-
Notifications
You must be signed in to change notification settings - Fork 4.3k
Open
Labels
C++Issues relating to C++ tutorialsIssues relating to C++ tutorialsCUDAIssues relating to CUDAIssues relating to CUDA
Description
I think in the lltm_backward function in C++
auto d_bias = d_gates.sum(/*dim=*/0, /*keepdim=*/true);
should be
auto d_bias = d_gates.sum(/*dim=*/0, /*keepdim=*/false);
I also think the class LLTMFunction inheriting from torch.autograd.Function contains two errors.
class LLTMFunction(torch.autograd.Function):
@staticmethod
def forward(ctx, input, weights, bias, old_h, old_cell):
outputs = lltm.forward(input, weights, bias, old_h, old_cell)
new_h, new_cell = outputs[:2]
variables = outputs[1:] + [weights, old_cell]
ctx.save_for_backward(*variables)
return new_h, new_cell
@staticmethod
def backward(ctx, grad_h, grad_cell):
outputs = lltm.backward(
grad_h.contiguous(), grad_cell.contiguous(), *ctx.saved_variables)
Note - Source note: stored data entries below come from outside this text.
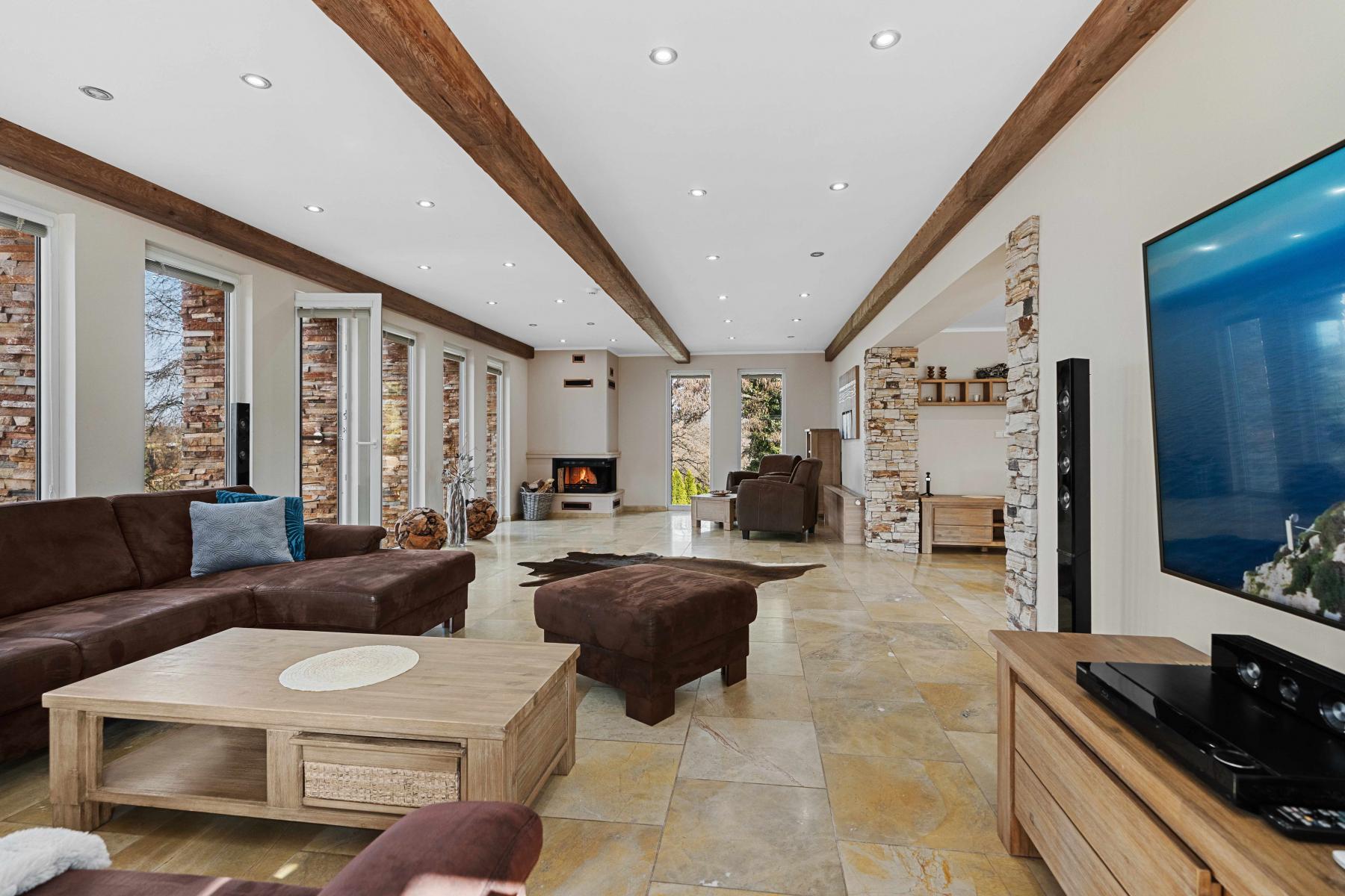 Dominantou domu je prostorná hlavní obývací místnost s krbem a kuchyňský kout s otočným krbem. Celý prostor je prosvětlen velkoformátovými okny a přirozeně propojuje interiér místností se zahradou. Zázemí domu je navržené tak, aby bylo dosaženo plnohodnotného komfortu: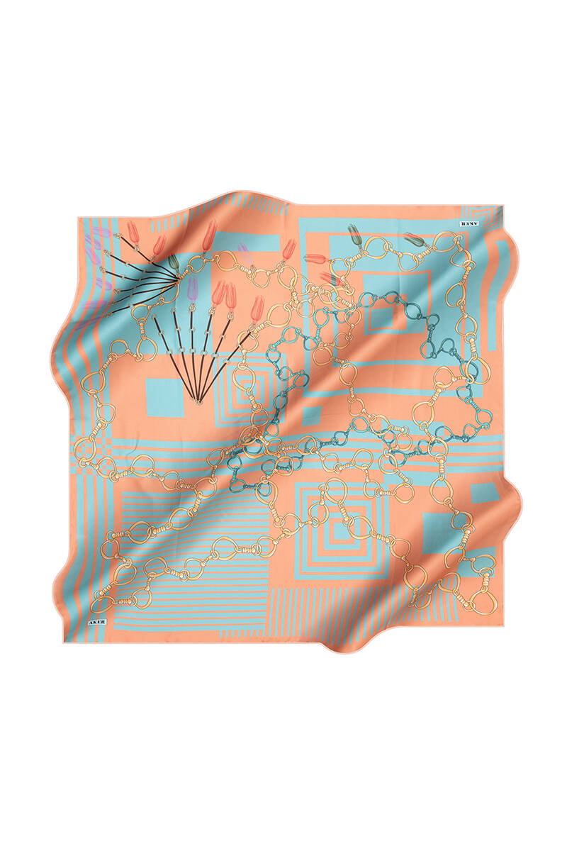 Logo Desenli 90X90 İpek Krep Saten Eşarp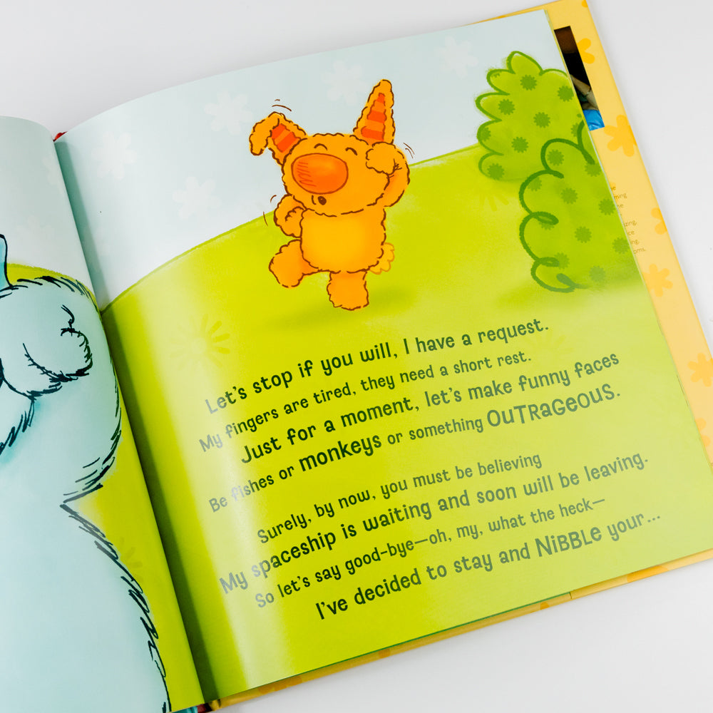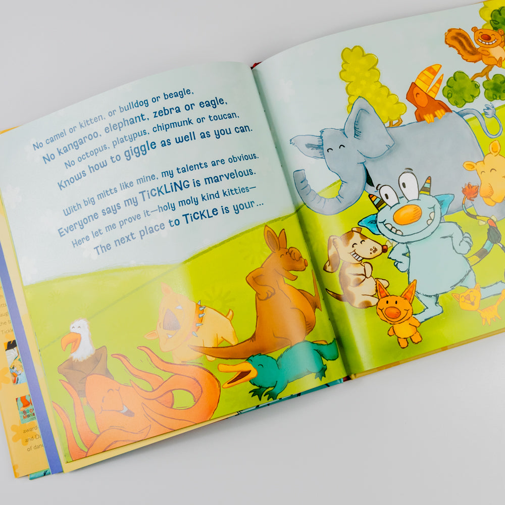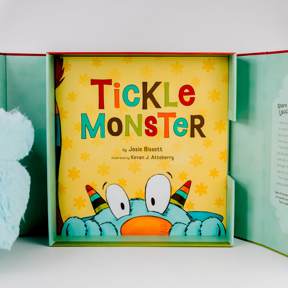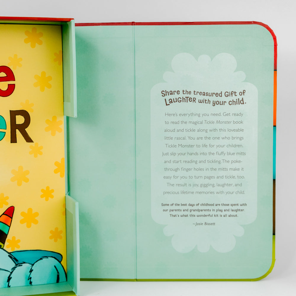 Here's everything you need to bring loveable Tickle Monster to life for your kids with the Tickle Monster Laughter Kit. Just slip your hands into the super-soft fluffy blue mitts and start reading and tickling. Finger holes in the mitts make it easy for you to turn pages and tickle, too. The result is joy, laughter and lifetime memories for your child. The Tickle Monster Laughter Kit comes in a colorful reusable gift box, and makes a wonderful gift for parents, grandparents and children - for any occasion. Tickle Monster is written by Josie Bissett and illustrated by Kevan J. Atteberry.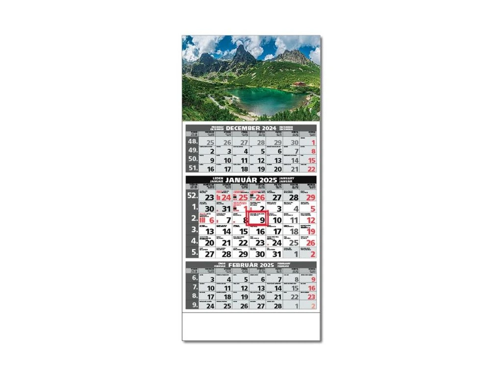 Plánovací kalendár s 3-mesačným kalendáriom s menami v SK + CZ, názvy mesiacov a dní v SK, CZ, EN, DE a HURozsah: 12listov

d_old_h, d_input, d_weights, d_bias, d_old_cell, d_gates = outputs
return d_input, d_weights, d_bias, d_old_h, d_old_cell
should be
class LLTMFunction(torch.autograd.Function):
@staticmethod
def forward(ctx, input, weights, bias, old_h, old_cell):
outputs = lltm.forward(input, weights, bias, old_h, old_cell)
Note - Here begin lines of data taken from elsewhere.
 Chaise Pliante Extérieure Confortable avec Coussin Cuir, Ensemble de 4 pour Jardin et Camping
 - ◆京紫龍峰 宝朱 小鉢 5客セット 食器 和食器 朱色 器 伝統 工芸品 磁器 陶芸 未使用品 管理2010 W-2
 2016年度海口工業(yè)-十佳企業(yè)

new_h, new_cell = outputs[:2]
variables = outputs[1:] + [weights]
ctx.save_for_backward(*variables)
return new_h, new_cell
@staticmethod
def backward(ctx, grad_h, grad_cell):
outputs = lltm.backward(
grad_h.contiguous(), grad_cell.contiguous(), *ctx.saved_tensors)
d_old_h, d_input, d_weights, d_bias, d_old_cell = outputs
return d_input, d_weights, d_bias, d_old_h, d_old_cell
Essentially removing old_cell from the variables saved in the forward for the backward and d_gates from the returned gradients in the backward.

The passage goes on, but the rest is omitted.